The English translation gives "blasphemed" for benedixit, as it is expected, given the context of the story. However, this is the first time I see such a counterintuitive meaning of benedicere. L&S does not attest such meaning. Did it ever had this meaning? Why would Jerome use such a word, which pretty much everywhere else (?) is used to mean "to bless"? Am I missing something here?
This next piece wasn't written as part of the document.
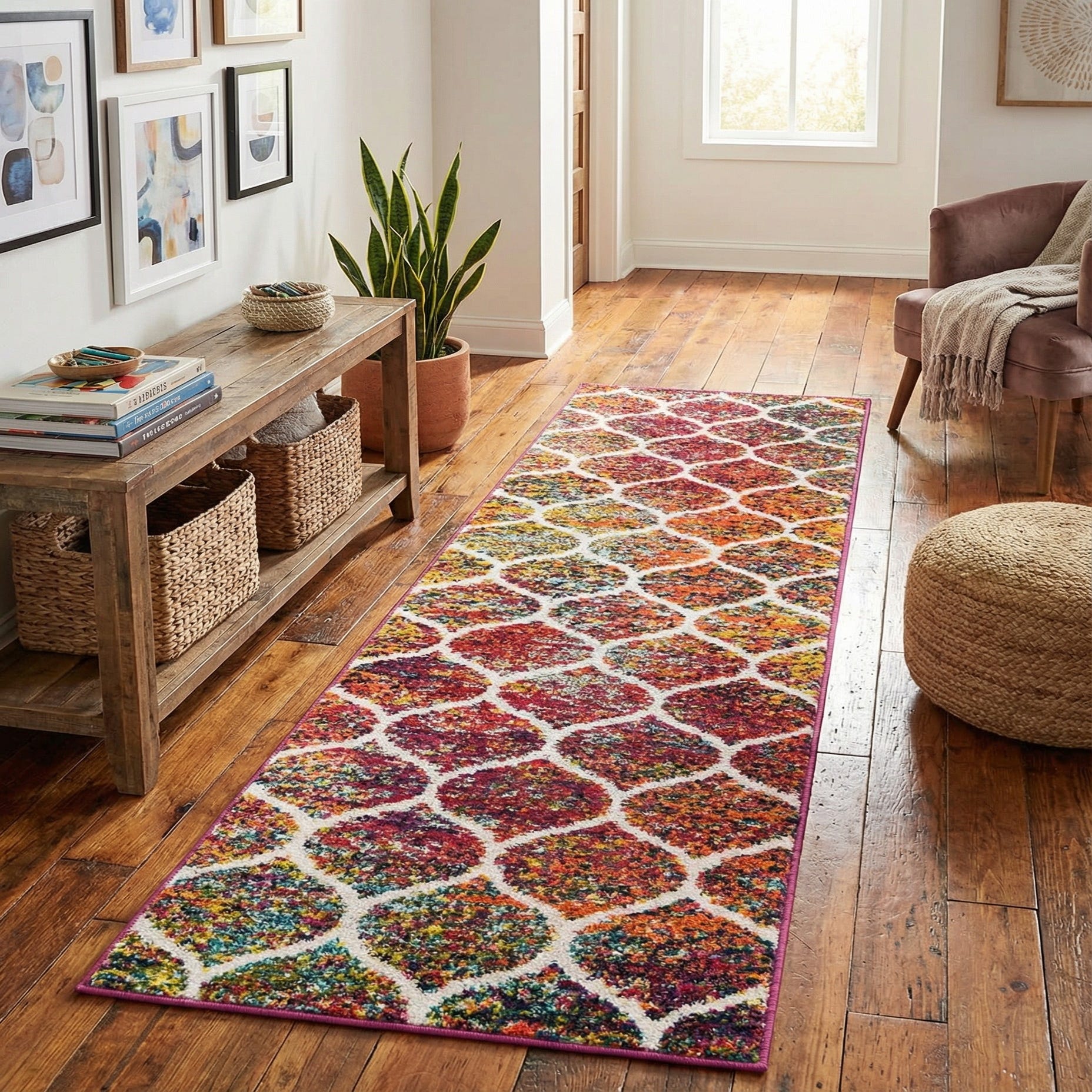 This runner is ideal for adding color and pattern to narrow spaces—think hallways, entryways, and alongside beds—but also works well layered in living rooms or behind sofas to define traffic lanes. Pair it with neutral upholstery to let the rug be the focal point, or coordinate with eclectic, bohemian, or contemporary interiors where rich color and tactile texture enhance the overall palette.

  • Just for the record: "Israeli" and "Israelite" are not interchangeable in English.
    – fdb
    Commented Feb 18, 2019 at 17:56

1 Answer 1


Benedixit is a perfectly literal translation of ηὐλόγησεν and of בֵּרַכְתָּ with the difference only that the Latin and the Greek use 3rd sing. where the Hebrew uses 2nd sing. in oratio obliqua. Apparently in Hebrew “bless” can be used as a euphemism for “curse”. In Greek and Latin this happens only in translations from Hebrew.

  • So mot likely Jerome tried to remain literal to the Hebrew, instead of adopting the "intended" meaning to Latin (perhaps the preferred translation)?
    – luchonacho
    Commented Feb 18, 2019 at 18:32
  • @luchonacho I believe Jerome tried to follow the Greek as much as possible, and the Greek followed the Hebrew quite literally; it's how we ended up with a whole bunch of Hebraisms in Biblical Latin
    – Draconis
    Commented Feb 18, 2019 at 18:38
  • @Draconis. Of course bene-dico is the exact equivalent of εὐ-λογέω. But it is also consistently used as the translation of b-r-k, literally "to bend the knee, bow down to". I do not see how we could decide which of the two the Vulgate is following.
    – fdb
    Commented Feb 18, 2019 at 18:48
  • @Draconis Not sure if I'm reading the Wikipedia article correctly, but it seems to suggest the use of Hebrew sources for parts of the OT, including Book of Kings.
    – luchonacho
    Commented Feb 18, 2019 at 18:54
  • 2
    @Draconis Jerome was actually a big advocate for the so-called "veritas hebraica." He was most certainly primarily using the Hebrew texts, though (of course) he would have been familiar with the LXX translation.